Cryptocurrency exchange FTX and its founder and former CEO, Sam Bankman-Fried, are intricately entwined. The swift and damaging collapse of FTX in late 2022 will have repercussions on the international crypto community for years to come. According to a recent report by FOXBusiness, Some unlikely people and places are also grappling with what seems to be the dual realities of Bankman-Fried.
It’s hard to imagine that the school district of Broward County, Florida, would be mired in the controversy surrounding the FTX implosion. Yet the district and students who were on the receiving end of SBF’s charitable efforts find themselves in the middle of the mess — and possibly in the crosshairs of FTX’s bankruptcy trustee John Ray III, FOX Business has learned.
Broward County and its involvement with the SBF ecosystem at first seems insignificant to the magnitude of the alleged fraud and shock waves it has sent throughout the $1 trillion crypto industry. As much as $8 billion of customer money missing from supposedly safe accounts, used to finance unrelated activities, makes the fraud one of the biggest since Bernie Madoff’s Ponzi scheme more than 20 years ago. The notion that a key figure in crypto looted billions of dollars in purportedly safe client money added more uncertainty to a market that has lost half of its value since 2021.
The FTX collapse will certainly drive more regulation that could crush digital asset values further. SBF, for his part, has been arrested and charged with eight counts of fraud and faces up to 115 years in prison. He has pleaded not guilty.
Broward County, meanwhile, is hardly an epicenter of crypto. That can be found further south in Miami, which has become a hub of digital-asset innovation. But the story of the county’s involvement with FTX and the fallout from its collapse does provide a window into how the alleged scandal is roiling not just risk-takers in the crypto world, but also communities in middle-class America, a FOX Business investigation shows.
Students, in turn, are increasingly anxious. The reason: Bankruptcy lawyers say the hackathon money — some or all of the total $1.3 million FTX given to students and the designated “mentors” who participated with them — could be “reclaimed” by John Ray. , the new CEO of FTX and bankruptcy trustee. Ray is trying to pay off FTX clients whose money was allegedly stolen, prosecutors say, to fund SBF’s various commercial, political and charitable efforts.

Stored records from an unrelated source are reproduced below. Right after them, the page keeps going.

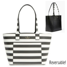 - Reversible Tote; Stripes B/W one side & Solid Black on the other.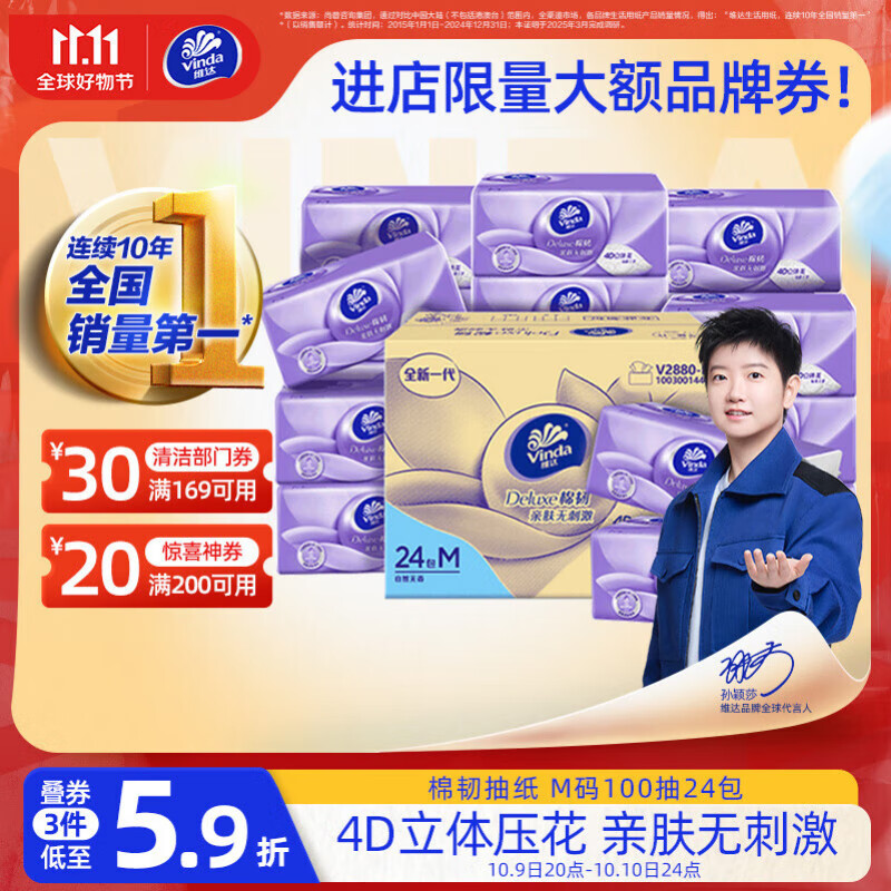 维达(Vinda)抽纸【孙颖莎推荐】棉韧3层100抽*24包M码 餐巾纸纸抽 纸巾 整箱
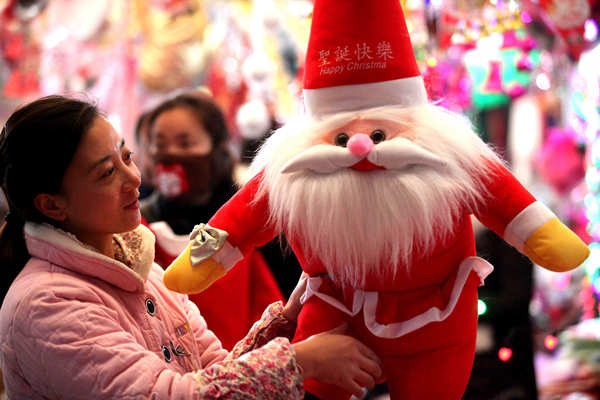 A customer chooses a doll for Christmas at a market in Bozhou, Anhui province. [Photo by Liu Qinli/China Daily]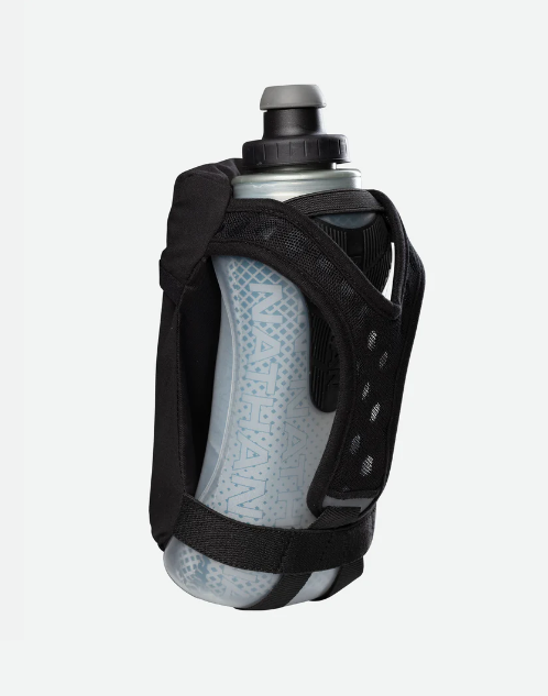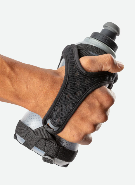Hydration handheld with more functionality. The QuickSqueeze View 18oz Insulated Handheld has a clear film pocket, allowing for easy access to see your phone while on the run. Grip-free fully adjustable hand strap and small zipper stash for valuables.

Students, in turn, are increasingly anxious. The reason: Bankruptcy lawyers say the hackathon money — some or all of the total $1.3 million FTX given to students and the designated “mentors” who participated with them — could be “reclaimed” by John Ray. , the new CEO of FTX and bankruptcy trustee. Ray is trying to pay off FTX clients whose money was allegedly stolen, prosecutors say, to fund SBF’s various commercial, political and charitable efforts.
Ray did not return emails for comment. It’s unclear whether the money is within his reach, and it depends on when he can establish that SBF and his team have started tapping into client accounts to fund other activities. FTX has invested around $190 million in various charities and nonprofits since its launch in 2019, and in billing documents, regulators say the fraud started early on.
In addition, there is a precedent for returns from charities, bankruptcy experts tell FOX Business. Those who invested money in Madoff’s $65 billion fraud were forced to return the false profits they took from his fund after the Ponzi scheme was exposed in late 2008.